Сидевший недалеко чиновник прислушался, улыбнулся язвительно и вмешался в разговор.
— Врать можно, да осторожно, — заметил он.
Белёсов пристально посмотрел на него.
— Вы в какой конюшне получили воспитание? — спросил он.
— В конюшне, не в конюшне, — отвечал чиновник, — а где же это видано, чтобы по три рубля за урок платили, да ещё студенту? Три рубля в месяц — платят, действительно; платят и пять рублей, но чтобы три рубля за урок…
Он развёл руками.
— Значит, я лгу? — сдержанным тоном спросил Белёсов.
— Всенепременно.
— Я лгу?.. Э-э-х, вы!.. Невежество ваше… чёрт вас возьми!.. Нет, это возмутительно!.. Я возмущён до глубины души… Этакое невежество!.. Послушайте, вы, сведущий человек! Если бы я сказал вам, что земля на трёх китах стоит, вы поверили бы; а что три рубля за урок платят — этому не верите?.. А ещё чиновник!..

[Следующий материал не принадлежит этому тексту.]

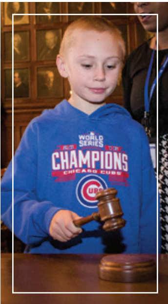
Children play the role of judge during Statehood Day celebrations in the courtroom.
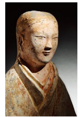
Detail of female figure China, Western Han period (206 BCE-8 CE) Courage & Joy, Inc.

The exhibition 'Transition to Empire: Art from the Warring States to Han China' at Joe-Hynn Yang's gallery Courage & Joy follows on from his inaugural exhibition in 2010 focusing on Chinese material culture of 1,000 years ago. This time, the works of art on show, which go back a further thousand years, reveal how the political and cultural diversity of the Warring States period reaches a unified aesthetic under the imperial Han dynasty. From this later period is a figure of a kneeling female musician in earthenware with low-
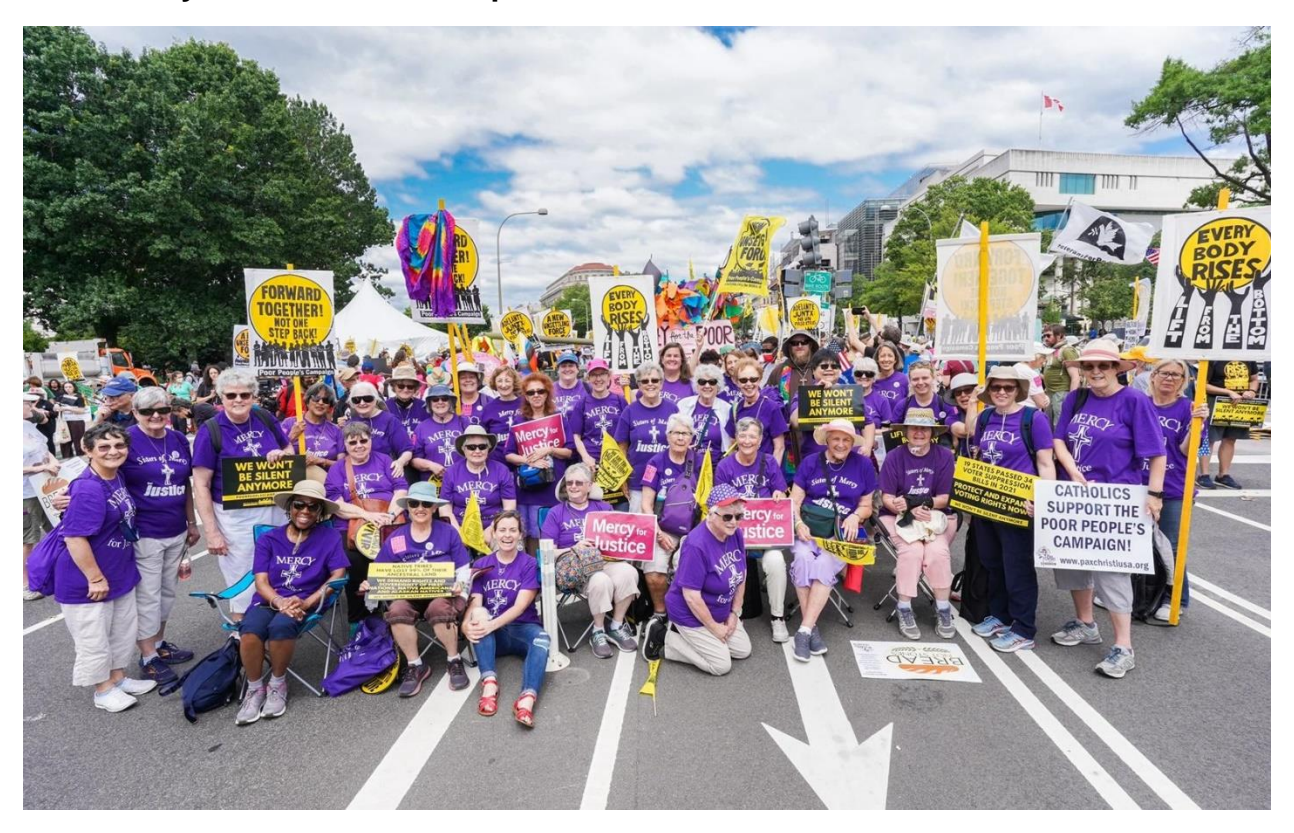
Mercy sisters, associates, co-workers and friends participated in the Poor People's Campaign mass mobilization in Washington, D.C., in June calling for policies to support low-wealth Americans.
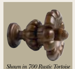
CWB225 Floral Urn Finial Size: 5" w x 5" h x 7" d For use with 1½" & 2" Poles
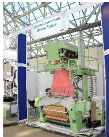
On the photo: Lenta Tex equipment installation
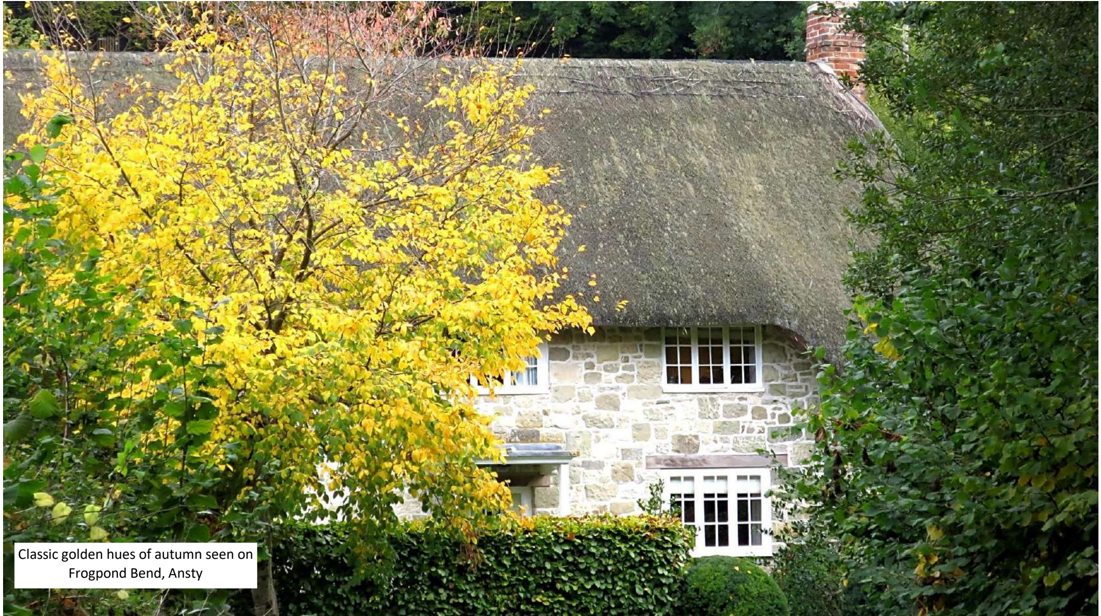
Classic golden hues of autumn seen on Frogpond Bend, Ansty
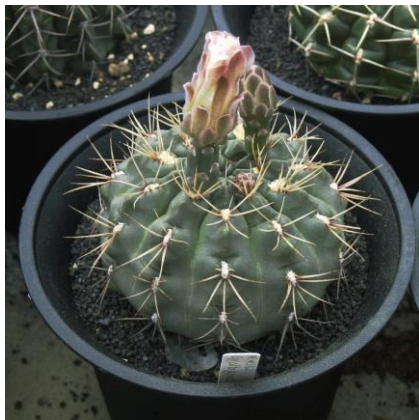
G. altagraciense (Mesa seed 453.96)
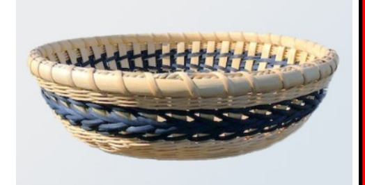
8 F 026 - 8 HOUR John's Arrow Tray Kathleen Petronzio

This useful tray has a 10" ash base and is woven using round, flat and flat oval reed. There is a colorful arrow woven around the center. This popular tray is perfect to use on a counter to hold fruit or vegetables.
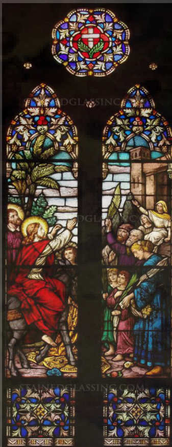
Stained Glass Window 1400: The Triumphal Entry
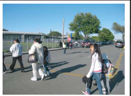
Stop control recommended at Longwood Ave and Blackwood Ave intersection.

И взволнованный молодой человек, не зная, чем заглушить свою досаду, взялся за графин.
— Этакое нахальство! — добавил он, косясь на чиновника.
— Сами вы нахал! — огрызнулся чиновник. — Хоть кому скажите, что по три рубля за час платят, — никто не поверит. Нашли дураков: думаете, так уши и развесят.
— Я вас не слушаю… я вас не замечаю вовсе, — сказал Белёсов, отстраняя рукою самую идею существования чиновника, — я вижу на вашем стуле пустое место и больше ничего!
Но по возбуждённому лицу его заметно было, однако, что он слышал и видел чиновника и принимал слова его близко к сердцу.
Несколько минут он молчал, пока неприятный сосед расплачивался и забирал свои вещи. Когда наконец тот ушёл, бросив на ходу ещё какое-то обидное замечание, молодой человек ударил себя в грудь кулаком и сказал:
— Вот только грудь моя, сердце моё знает, как меня оскорбляют!.. Ничего! Живи, Павел Белёсов, живи, Градов-Леонский!.. А, чёрт их возьми, подлецов! Ещё не так обидно, когда простой человек тебя не понимает и издевается над тобой; но образованный человек, то есть якобы образованный, в фуражке с кокардой!.. Послушайте, Савва, скажите мне: может быть, и вы тоже думаете, что я лгу?
— Отнюдь нет.
Белёсов протянул ему руку.
— Савва! Говорю тебе: ты как другу, и требую от тебя того же. Я зову тебя Саввой, и ты называй меня просто: Поль.
— Я согласен, Поля!
— Ты веришь мне, потому что у тебя благородное сердце. А много ли на свете людей с таким сердцем? Иной раз так бы и ушёл куда-нибудь от всех, чёрт их возьми, подлецов! А куда уйдёшь?.. Эх, жизнь моя несчастная! Спился совсем… Места не могу найти…
— Погоди, Поля, не клянись! Обойдётся!.. Из-за чего ты вот, как я слышал, с папашей-то не в ладах?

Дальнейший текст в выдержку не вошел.